Computational medical XR is a new interdisciplinary field, bridging life sciences, with mathematics, engineering and computer science. It unifies computational science (scientific computing) with intelligent extended reality and spatial computing for the medical field. It extends significantly clinical XR by bringing on computer simulation and other forms of computation from numerical analysis, computational geometry, computational vision and computer graphics with theoretical computer science and machine learning, in order to solve hard problems in medicine: from low-code/no-code authoring medical XR platforms to deep learning systems for diagnostics and therapeutics and from surgical planning to real-time operative navigation in XR.

5 billion people today lack access to proper surgical and anesthesia care and current training models cannot meet this demand. Furthermore, more than 1 billion jobs, almost one-third of all jobs worldwide, are likely to be transformed by technology in the next decade, according to OECD estimates. According to WHO, 40 million healthcare professionals are needed by 2030! This growing need for continuous upskill and reskill becomes even more crucial in the post COVID-19 pandemic era. Virtual Reality (VR) together with 5G spatial computing technologies can pose as the next final computing frontier regarding medical psychomotor/cognitive training, education, and empowerment.

Virtual/augmented/mixed reality (VR/AR/MR)technologies (grouped by the industry as XR) are now transforming medical training. Very recent articles and case studies in industry as well as academia report this fact. Only in 2020, more than 20 clinical trials were published in key scientific journals, measuring and testifying the efficacy of medical VR training and skills transfer from virtual to real. It has also been recently reported that XR technologies can offer significant boost in experiential and collaborative learning of healthcare professionals.

VR/AR can provide the means for remote qualitative education (knowledge) and training (skills), using affordable technology with personalized, on-demand and smooth learning curves. Based on recent major advances in the field of 5G edge computing, neuroscience, and spatial computing:

“VR/AR shares with our brain the same basic mechanism: embodied simulations”.

Such immersive technologies can facilitate continuous learning, provide curriculum programs and self-improvement opportunities that both expand medical professionals’ abilities as well as minimize skill gaps in their training. These spatial computing applications are being based on latest advances on real-time 3D graphics, computer vision, novel algebraic representations, simulation models, gamification, analytics, deep learning and 5G cloud edge computing, that allow intelligent education & training and further optimization/maximization of the desired learning outcomes.

After more than 30 years of intense R&D and intense validation by early-adopters, medical VR technologies are now moving into mainstream.

We know from neuroscientists as well as computer scientists and educators that the feeling of Presence and the affordances of agency (body, hand interaction) drive neuroplasticity and long-term potentiation, which refers to the strengthening of connections between neurons in the brain based on recent patterns of activity. With each repetition, cell-to-cell signaling improves and the neural connections tighten, profoundly affecting learning, muscle memory as well as spatial memory retention. Latest advances in affordable VR hardware coupled with 5G-edge mobile and ubiquitous connectivity with massive scale/outreach are further driving this proliferation. Therapeutic VR, is also nowadays a field were the use of VR in the treatment of traumas, phobias, stress, various mental illnesses as well as in rehabilitation, is now a fact with clinically proven results.

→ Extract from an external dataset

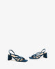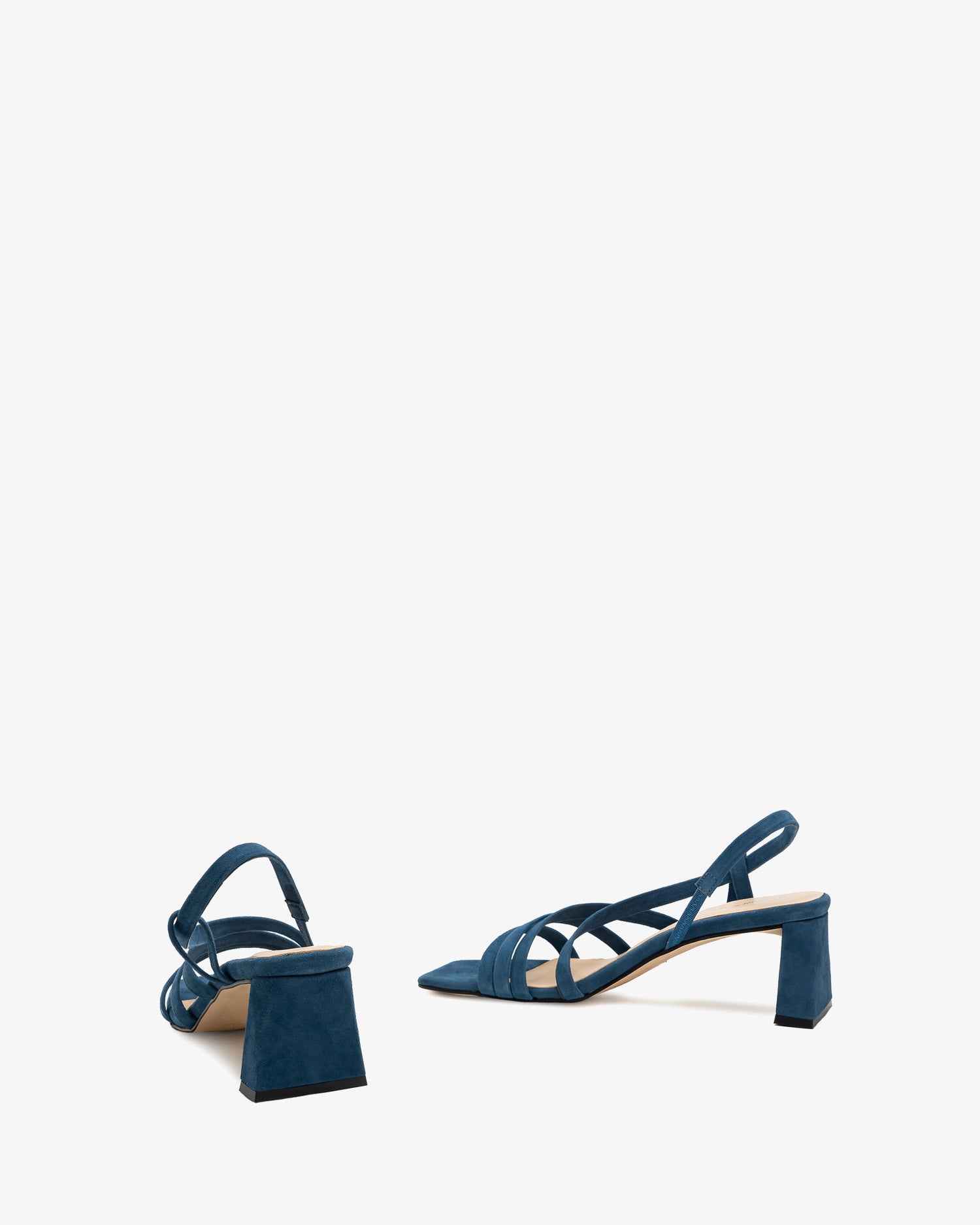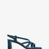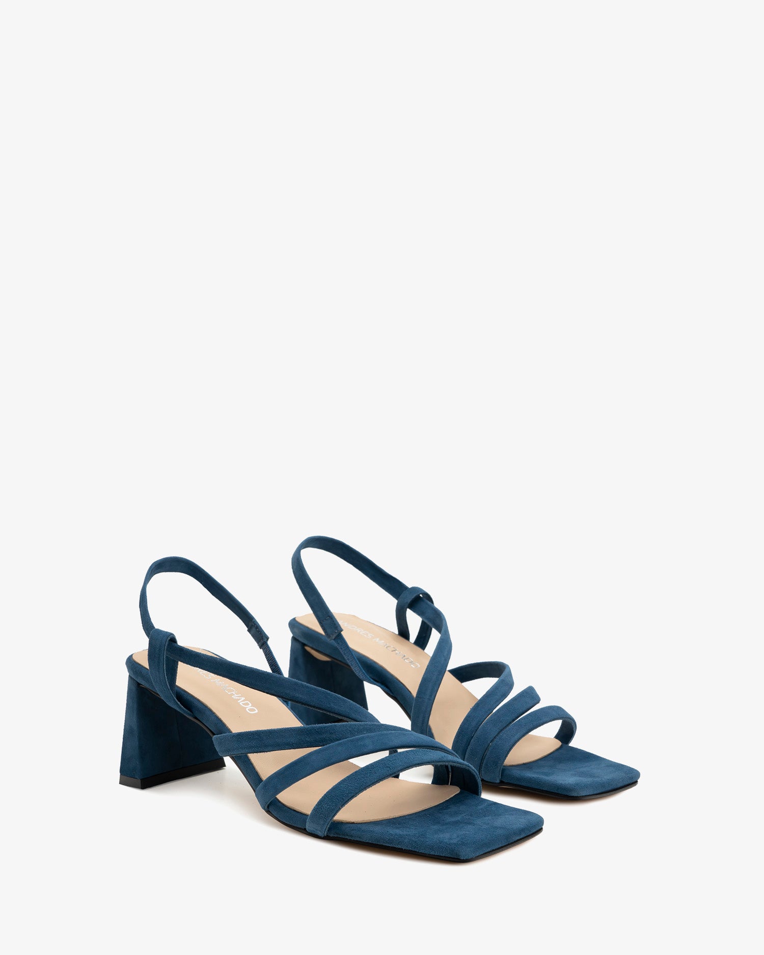 Sandals in blue split leather. Designed with matching thin straps crossing diagonally over the instpep and around the ankle with matching elastic for extra support. Rectangular heel lined in matching split leather. Available in sizes 32 to 45 EU. The heel is 5,5 cm / 2.16`` high for sizes from 32 to 38 EU. The heel is 6 cm / 2.36`` high for sizes from 39 to 45 EU.

Covid-19 has forever accelerated advances in this field and elevated these spatial computing technologies from a mere “nice to have” to a “must have” for the roughly 3000 medical schools worldwide, the 8400 medical device companies and the 600 surgical training centers, that were all challenged by covid-19 lockdowns. The use of medical VR training is now a new reality and part of the “quiet revolution”, as termed in a recent Accenture industry report, where enterprise VR vastly outnumbers consumer VR applications. Furthermore, healthcare professionals have now acknowledged that training simulators are the number one immediate application of VR/AR in healthcare. The forefront of this revolution is the unexpected new insight that “the rising demand for virtual training across industries drives the VR market”, a $15B market in 2020, expected to grow to $57B, as was also recently reported.

However, the looming question is: ‘who is going to “VRify”(translate into VR) the 400+ basic medical procedures and their countless variations?’

These very basic medical procedures are constantly being updated and/or being extended. Furthermore, as medical device equipment for diagnostic or therapeutic procedures such as robotic surgery get updated, so too do the variations of these basic medical procedures thereby exponentially increasing the number of procedures requiring advanced and extensive training. For healthcare professionals, it’s a constant challenge to upskill / reskill following latest advances in the field as well as for the institutions to train enough of them to meet the increasing demand. Every other week/month/quarter, medical professionals must complete self-training courses or attend lectures/workshops/conferences to provide the best treatment for their patients and remain compliant with regulatory agencies. This is especially true if you’re a med-school student, resident, young or experienced surgeon or physician of any specialty or nurse. The traditional method of training for physicians has been to train on cadavers or on-the-job training, but of course, cadavers are scarce, expensive and logistically limited while training on real patients poses other issues (limited opportunity, repeatability not to mention possible adverse outcomes). With capped OR times for trainees/residents and increasingly fewer of them entering the workforce, the problem only gets worse over time. Similar needs/problems we also witness in the adjacent verticals of vocational or corporate skills training.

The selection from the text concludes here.